И он не только свалил дерево. К величайшему изумлению Эммы, он взял елку за ствол и потащил к забору. Перекинув ель через забор, он улыбнулся Станнелам, которые уже успели забыть о баране и радовались тому, что елку не пришлось тащить вокруг дома.
Мод Станнел была в восторге оттого, что их «новый сосед», как они с Питером стали величать Стюарта, установил рождественскую елку в центре зала.
— Дом выглядит так мило, — приговаривала Мод, качая головой и всплескивая искореженными подагрой руками, напоминающими клешни. — Дети ни за что не догадаются, что у нас не было елки на Рождество. — Но дерево было такое ярко-зеленое, свежее и нарядное, что нетрудно было догадаться о том, что оно тут появилось совсем недавно.
С точки зрения Эммы, зал Станнелов выглядел скорее замусоренным, чем милым. Мебель казалась столь же старой, сколь и ее владельцы, а теперь елка стояла посреди скопища разнородных стульев, по-видимому, одолженных в разных местах. Станнелы ожидали полный дом гостей. Тем не менее от елки приятно пахло. Мод сияла. Улыбка ее, хоть и беззубая, была лучистой, а мутноватые голубые глаза сияли счастьем. Питер, тихо попыхивая трубкой, кивал и кивал, глядя на дерево. Он выглядел весьма довольным собой. Эмме нравился энтузиазм стариков. И то, что они не утратили чувства юмора, решив украсить дом рождественской елкой через две недели после Рождества для того, чтобы ввести в заблуждение свое многочисленное потомство.

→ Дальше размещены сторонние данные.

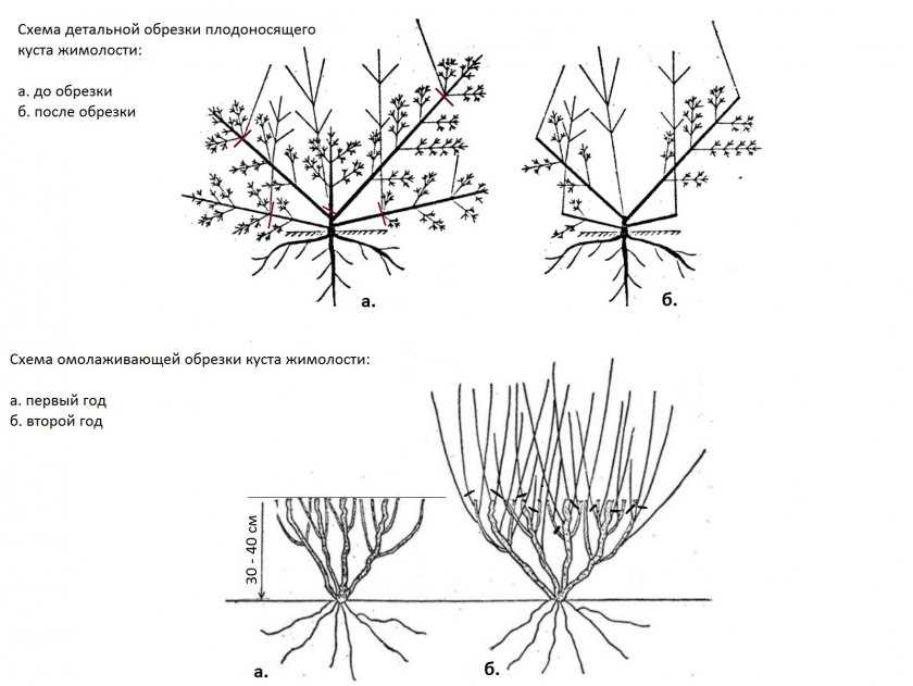 Простота формирования не отменяет ежегодную санитарную обрезку и прореживание. Каждую весну выстригайте все сучки, растущие внутрь кроны и вниз к земле. Если ветки скрещиваются, мешают друг другу, затеняют, вырежьте самую корявую, портящую вид куста. Удалять её нужно частями, то есть разрезав на куски. Если вы будете вытягивать из куста кривые ветки целиком, то повредите остальные. Во время обрезки старайтесь придать кусту красивый вид, то есть оставляйте побеги равноудалённые друг от друга, направленные в разные стороны и вверх. Вырезайте растущие низко вдоль земли. Такие ветки хороши для размножения горизонтальными отводками, но ягод на них обычно не бывает.
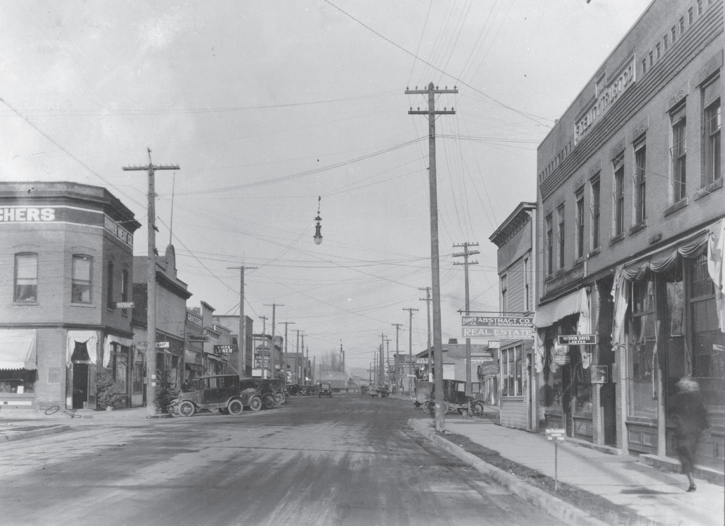 Looking north on First Avenue from just south of Pine Street. The NW corner of the intersection was Bonner Meat Company in the Bistline Building. On the right is the Fidelity Trust Building with a sign for Myrvin Davis at the Lawyer and Bonner County Abstract Company. The City Bakery is in the middle distance on the right.
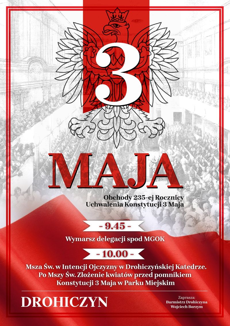 W niedzielę, 3 maja w Drohiczynie odbędą się uroczyste obchody 235. rocznicy uchwalenia Konstytucja 3 Maja. O godz. 9.45 zaplanowano wymarsz delegacji spod Miejsko-Gminnego Ośrodka Kultury, a o 10.00 Mszę Świętą w intencji Ojczyzny w Katedrze. Po nabożeństwie uczestnicy złożą kwiaty przy pomniku Konstytucji 3 Maja w Parku Miejskim.
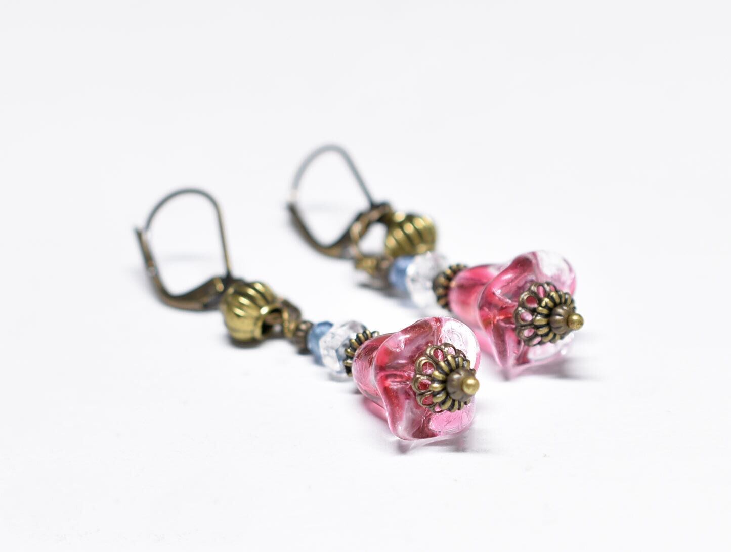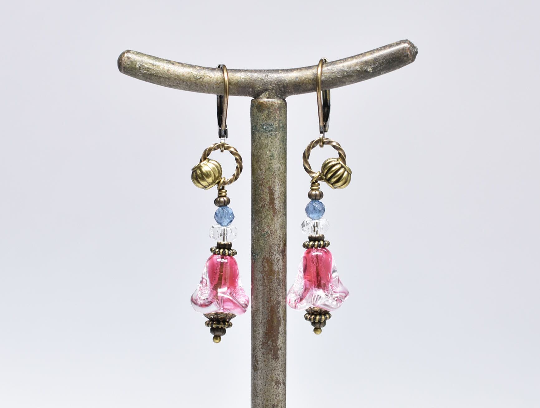 エンジェルトランペットの様なドイツヴィンテージビーズとクォーツ&アクアマリンのピアス
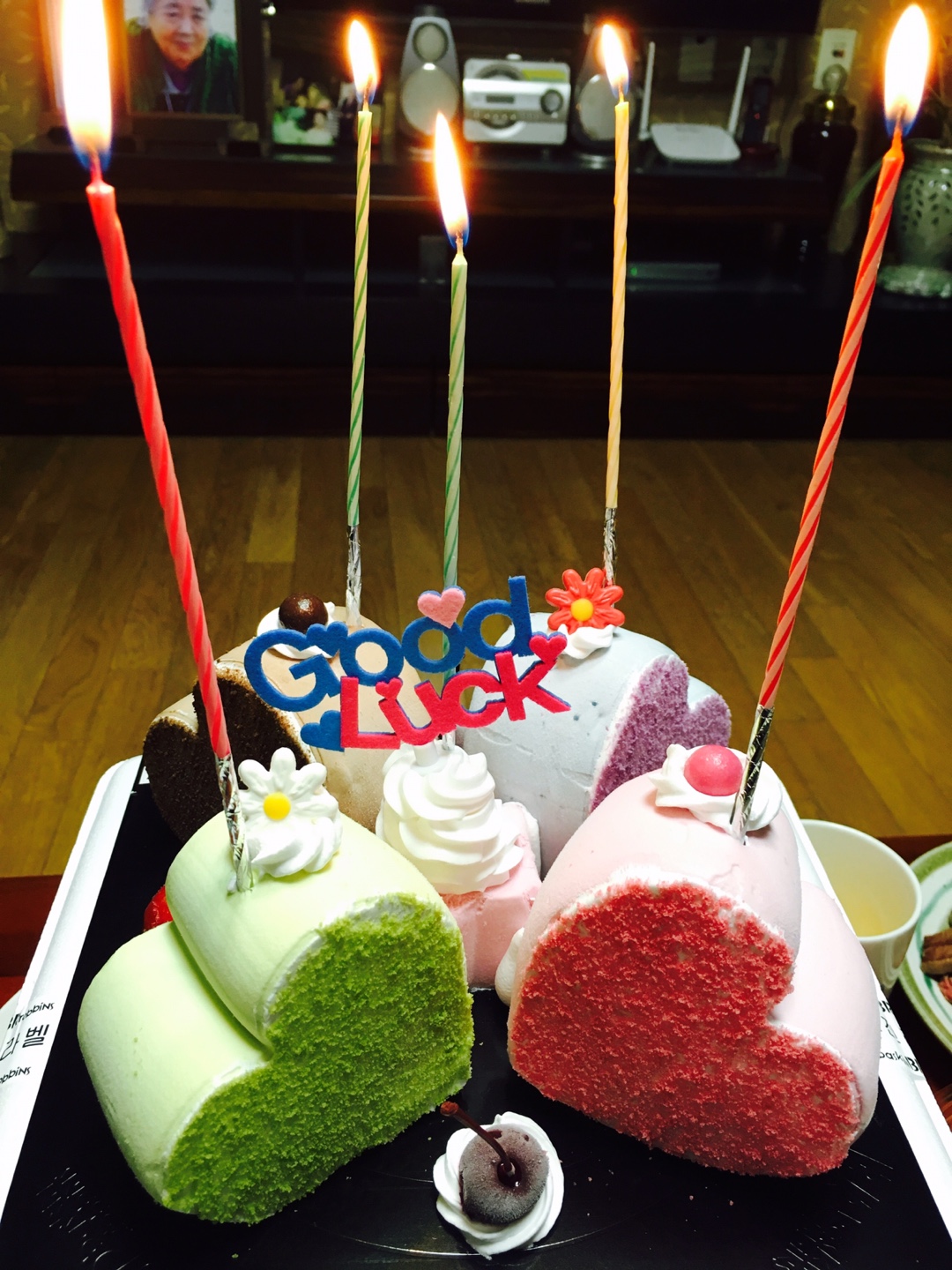 모여서 아이스크림 케잌에 촛불 붙여 축하해드렸어요...

И тут откуда ни возьмись появились коробки с гирляндами и прочими украшениями, а также прозрачные намеки на то, что в этом им тоже нужна помощь. Стюарт пожелал им счастья и надел пальто. В конце концов он все же повесил несколько гирлянд на верхние ветки, на те, до которых они не могли дотянуться. Эмма смотрела на стариков и думала, что их тела словно сделаны из спичек. Одно дуновение — и рассыплются. И все же они словно светились изнутри. Она завидовала их счастливой старости.

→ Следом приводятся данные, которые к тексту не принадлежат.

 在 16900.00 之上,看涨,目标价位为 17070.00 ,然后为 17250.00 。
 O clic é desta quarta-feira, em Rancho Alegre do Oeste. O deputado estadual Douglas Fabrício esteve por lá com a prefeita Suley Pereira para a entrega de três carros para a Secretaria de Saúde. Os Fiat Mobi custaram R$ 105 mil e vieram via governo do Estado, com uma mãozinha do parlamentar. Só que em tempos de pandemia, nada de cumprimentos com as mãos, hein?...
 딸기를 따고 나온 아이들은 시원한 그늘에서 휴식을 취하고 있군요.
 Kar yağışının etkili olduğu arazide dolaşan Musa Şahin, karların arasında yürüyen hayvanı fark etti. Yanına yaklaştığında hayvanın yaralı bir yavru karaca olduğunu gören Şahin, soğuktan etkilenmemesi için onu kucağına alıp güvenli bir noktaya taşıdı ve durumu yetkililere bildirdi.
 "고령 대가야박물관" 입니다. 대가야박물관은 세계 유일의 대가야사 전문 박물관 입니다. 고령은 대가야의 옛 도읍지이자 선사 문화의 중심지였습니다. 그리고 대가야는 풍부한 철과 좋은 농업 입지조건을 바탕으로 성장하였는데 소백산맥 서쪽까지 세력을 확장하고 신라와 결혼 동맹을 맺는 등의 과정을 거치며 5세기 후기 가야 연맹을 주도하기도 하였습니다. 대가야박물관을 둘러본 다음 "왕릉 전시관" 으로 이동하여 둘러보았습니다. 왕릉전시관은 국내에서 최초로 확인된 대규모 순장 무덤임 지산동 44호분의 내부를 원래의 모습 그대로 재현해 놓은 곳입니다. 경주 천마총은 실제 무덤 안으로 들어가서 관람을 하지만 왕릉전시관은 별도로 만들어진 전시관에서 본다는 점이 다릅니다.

И еще она думала о Стюарте. Он удивил ее. Она не знала, как быть с тем, что он, оказывается, мог быть таким приятным и любезным, когда хотел этого.

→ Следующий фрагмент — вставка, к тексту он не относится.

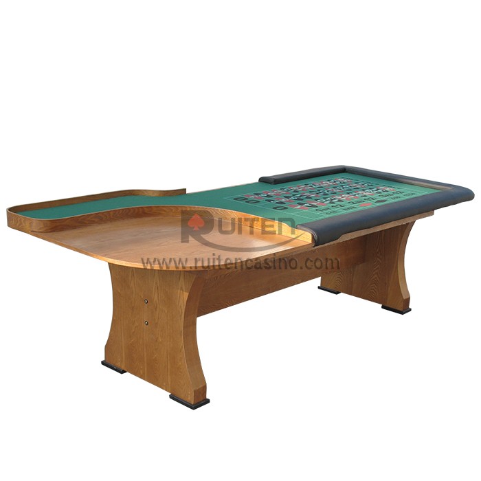 This high-quality casino roulette table is a huge 8 feet long! Surrounding most of the table is a removable, black vinyl padded armrest for the comfort of your guests. top quality 100% wool felt with original casino layout,  Legs are oak wood finished. don't including the roulette wheel and accessoryies.
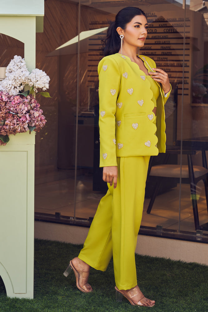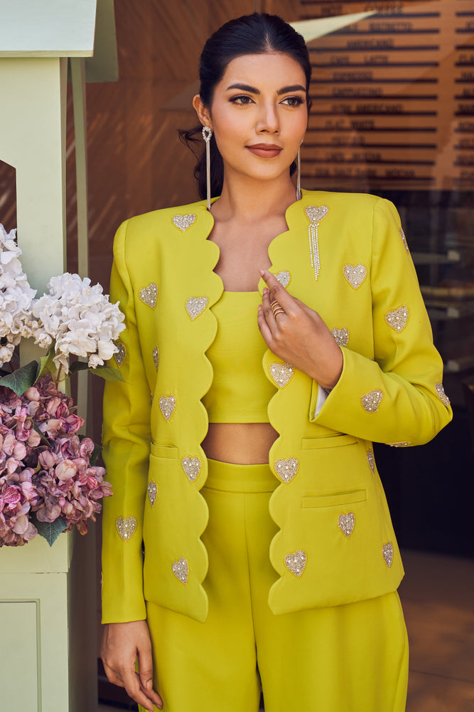 Rule the board room with this set! Because when you step into the meeting wearing our scalloped neon blazer with those shimmering hearts, there won't be an eye that strays from you!- Delivery time within India - 10-15 business days.
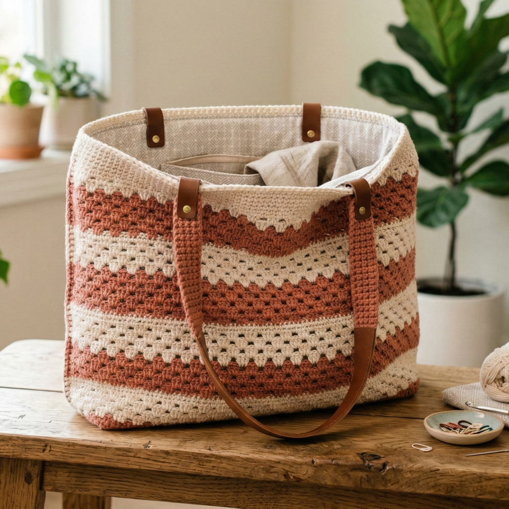 These five tote patterns — Granny Stripe, Gingham, Three Bears, Star, and Lacy Shell — cover a wide spectrum of styles: utilitarian and sturdy for shopping, playful and cute for gifts, and elegant and airy for summer days. Each pattern was written with practical construction steps (base → body → rim → straps → lining) and clear options for reinforcement and personalization so you can make a tote that’s both beautiful and built to last.
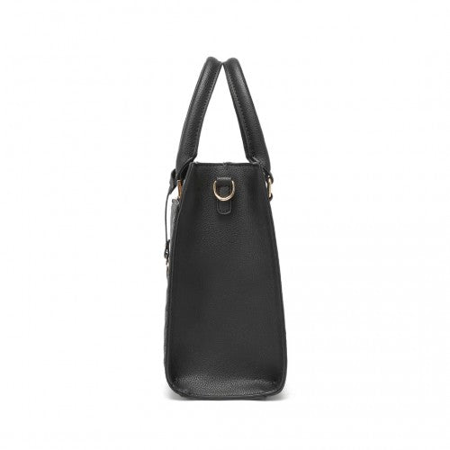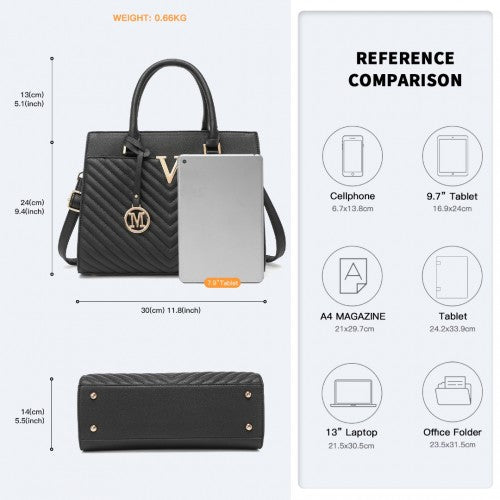Miss Lulu Chic V-Quilted PU Leather Sophisticated Handbag - Black
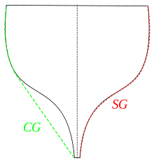 Skin girth is specified in some design rules to handicap or match the capabilities of sailing vessels of similar design such as the 12 metre boats. Skin girth is measured by following the surface of the hull from a given elevation on the hull vertically from a specified fore-and-aft position. It differs from the chain girth (see convex hull) which follows the skin on convex surfaces, but goes straight across the chord of concave surfaces, as a tight chain would.
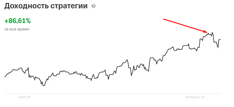 Тем, кто не следит за моей историей, рассказываю: 30 января я подключил стратегию автоследования «Фьючерсы точки роста (мини)». «Т- Инвестиции» при переходе в раздел автоследования первым делом предложили мне именно эту стратегию, плюсом я сам посмотрел на ее динамику, и меня, как, наверное, и многих других, она заинтересовала своей доходностью! На графике видно, как сильно выросла доходность автора по этой стратегии меньше чем за 1 год, было +100%, о чем даже был сделан очень горделивый пост! Все эти факторы, ну и, конечно же, моя жадность и неопытность в данном формате инвестирования вынудили меня зайти в нее на самых «хаях»!! После чего моя радость от найденного «грааля» продлилась буквально пару дней, которые выходили в плюс, после чего я получил груз нервно-эмоционального напряжения в размере 15% просадки от вклада... Если же Вы подумали, что я один такой, то, увы, нет. Параллельно со мной в стратегию вступили еще люди, которые оставляли комментарии о просадке в пульсе, которые ав
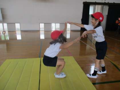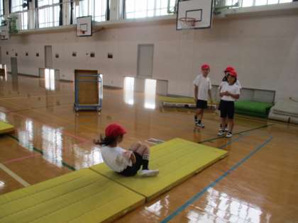 自分のできるいろいろな技を練習しました。できる数がだんだん増えたり、長い時間できるようになってきました。2人組でする技は、友だちと楽しそうにしていました。
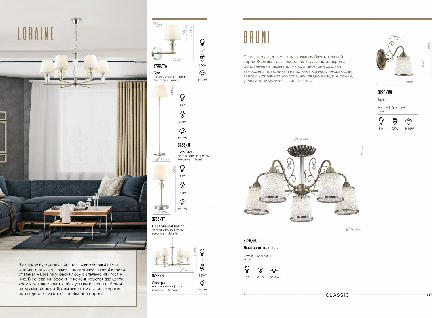 | Особенности | возможность подключения диммера / с абажуром |
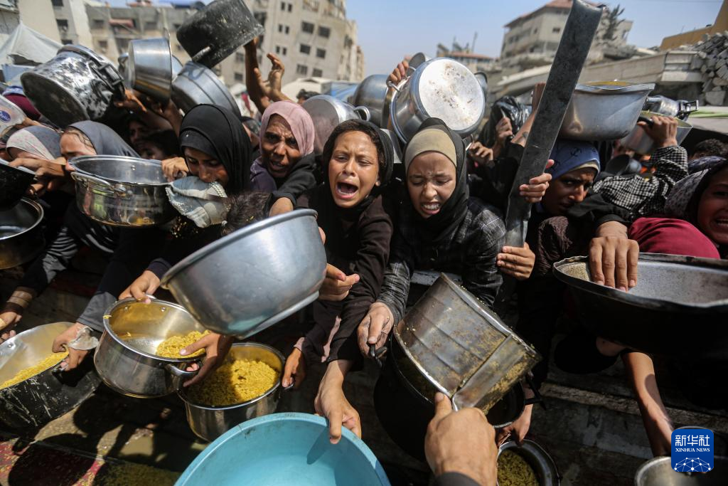 8月10日,民眾在加沙城領取免費食物。新華社發(fā)(里澤克·阿卜杜勒賈瓦德攝)

— Только вот это, и все, — пообещала Мод, протягивая Стюарту жестяную звезду с дырками внутри, чтобы туда можно было вставить свечки. Эмма ни за что не подумала бы, что это звезда — сооружение скорее походило на детскую погремушку.
И только когда Стюарт вытянул руку, чтобы поместить звезду на верхушку елки, Мод наконец дала выход своему любопытству и спросила:
— Так кем тебе приходится твой спутник?
Мод Станнел, какой бы древней она ни казалась, не могла упустить ничего существенного из того, что происходило на белом свете. Она сама сделала вывод и теперь ждала подтверждения. Это их новый сосед. Едва ли она считала бы соседом того, кто жил в сорока милях от нее, но, если. речь заходила об обитателе замка Данорд, о чем-то таком интересном и редком, как виконт, сорок миль были уже не расстоянием. Разве сорок миль далеко, если в такой ясный денек, как сегодня, они могли, глядя в окно своего «зала», разглядеть замок на холме?
Эмма вздохнула.
— А, это виконт... — И пустота. Она не знала, какое имя придумать. Ничего, совершенно ничего не лезло в голову.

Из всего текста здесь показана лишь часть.